What killed pensions

Many employers claim that global competition and a volatile economy have forced to abandon pensions in favor of 401(k) plans, shifting the risk and most of the expense to employees. But Ellen Schultz, a former investigative reporter for the Wall Street Journal, says in her new book, “Retirement Heist: How Companies Plunder and Profit From the Nest Eggs of American Workers” (Portfolio, $26.95), that “companies have been largely responsible for the retirement crisis — and it was not an accident.” In her book, Schultz details how corporate pensions went from holding $250 billion in excess funds in the late 1990s to being collectively underfunded today. Surplus pension assets are supposed to remain in the plans to provide a cushion for the inevitable times when investment returns are weak and interest rates fall — like today. But years ago, employers persuaded Congress to relax the rules and let them use their overfunded pension plans to help cover other benefits, such as retiree health plans and early-retirement buyouts.

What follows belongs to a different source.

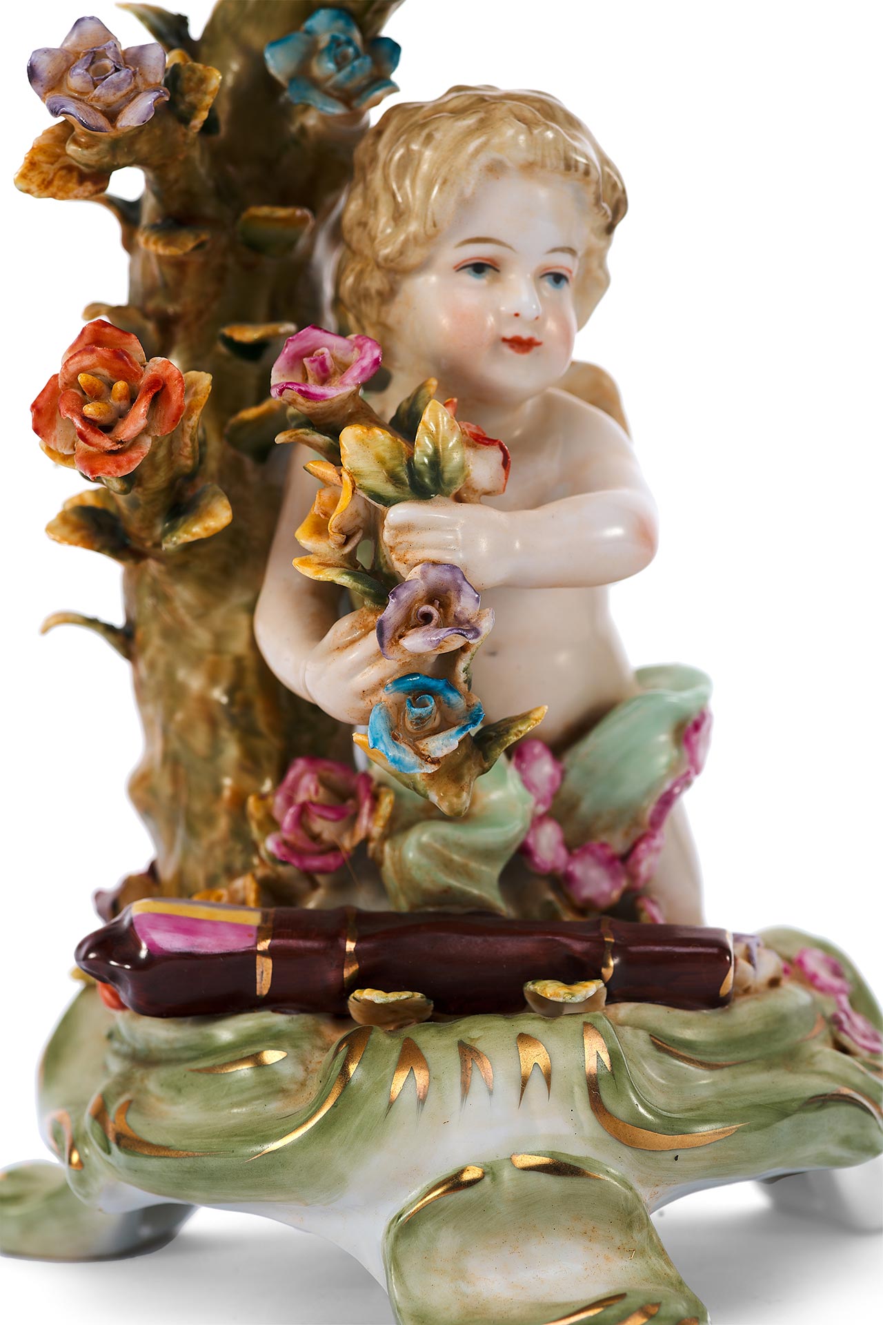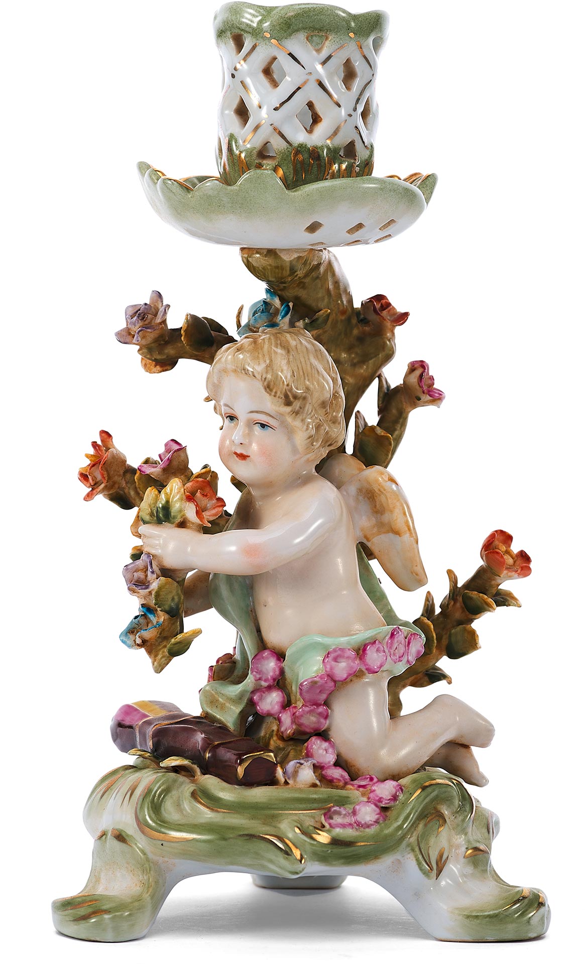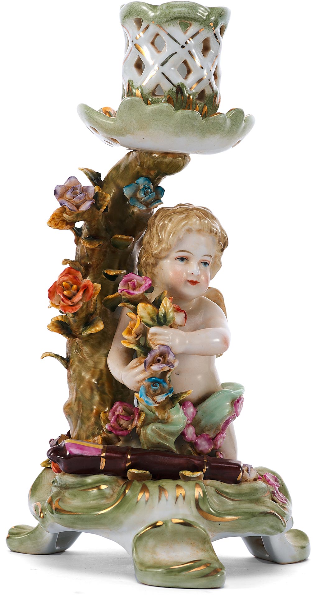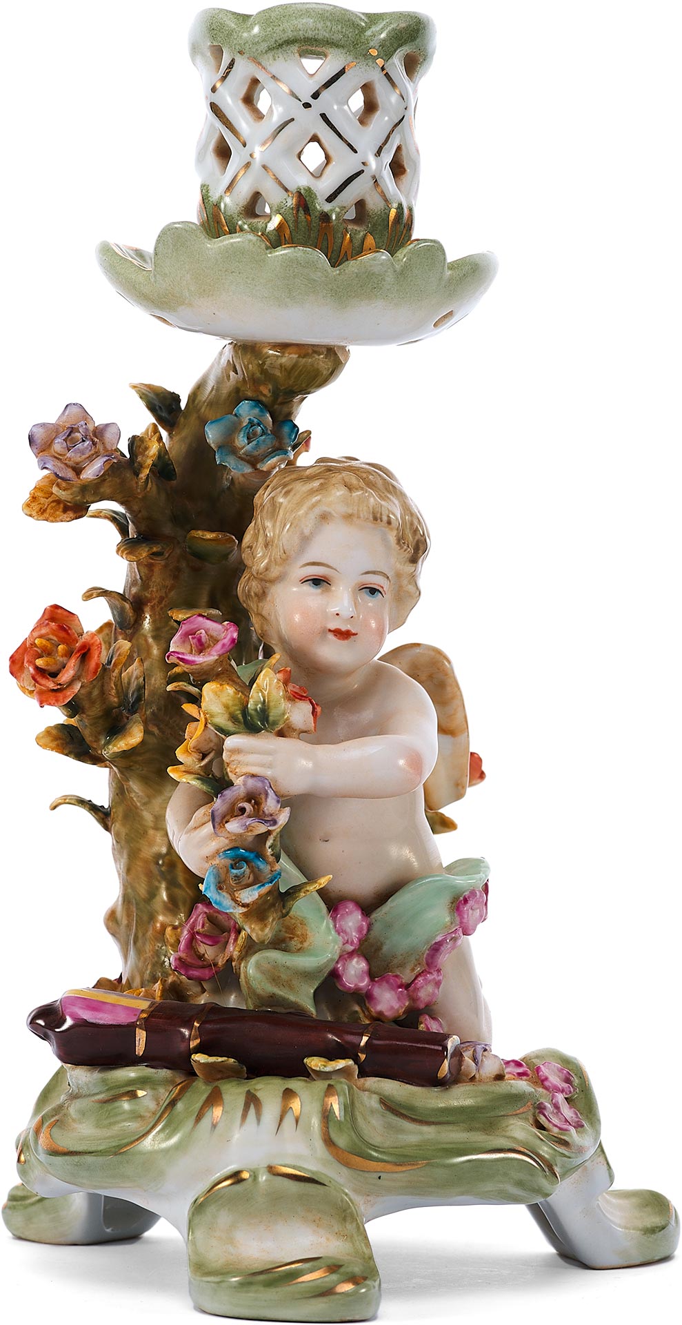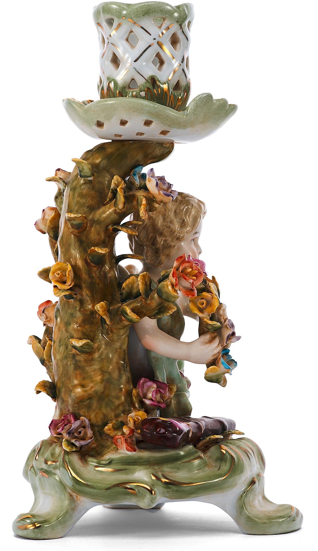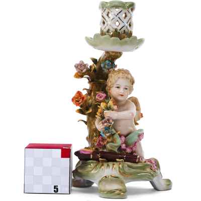 Фигурный подсвечник. В выполненный в виде скульптурной композиции древнеримского бога любви Амура, сидящего у ствола

Although that might have sounded like a good idea at the time, it essentially allowed companies such as Verizon and General Motors to use pension assets to finance corporate downsizings. Others, such as IBM, moved hundreds of millions of dollars of executive pension liabilities into their rank-and-file pension plans without earmarking additional funds to pay for them. As a result, pension funds were severely depleted. Dramatic stock market losses did the rest.

Separately, accounting-rules changes required companies to disclose future pension and retiree-health-plan obligations on their balance sheets. On the surface, the changes seemed a step toward greater transparency. But the new rules had a perverse effect: Cutting future retiree benefits improved a company’s bottom line, which in turn increased executive pay tied to corporate earnings. “By giving companies an incentive to reduce liability on the books, the accounting rules turned retiree benefits into a cookie jar of potential earnings,” Schultz writes. Not all employers that offered pension plans engaged in these practices, but those identified in Schultz’s expose read like a who’s who of corporate America.

Although traditional pension plans are on the wane, some 42 million Americans are still covered by a pension. If you’re among them, make sure you know the rules. Find out how long it takes to become vested — meaning you qualify for future benefits — and at what age you can collect. And if you are offered the choice of taking your payout as a lump sum or as a monthly payout for life, hire a financial planner or an independent actuary to verify that the lump-sum offer truly reflects the benefits you have earned. It’s your money. Protect it.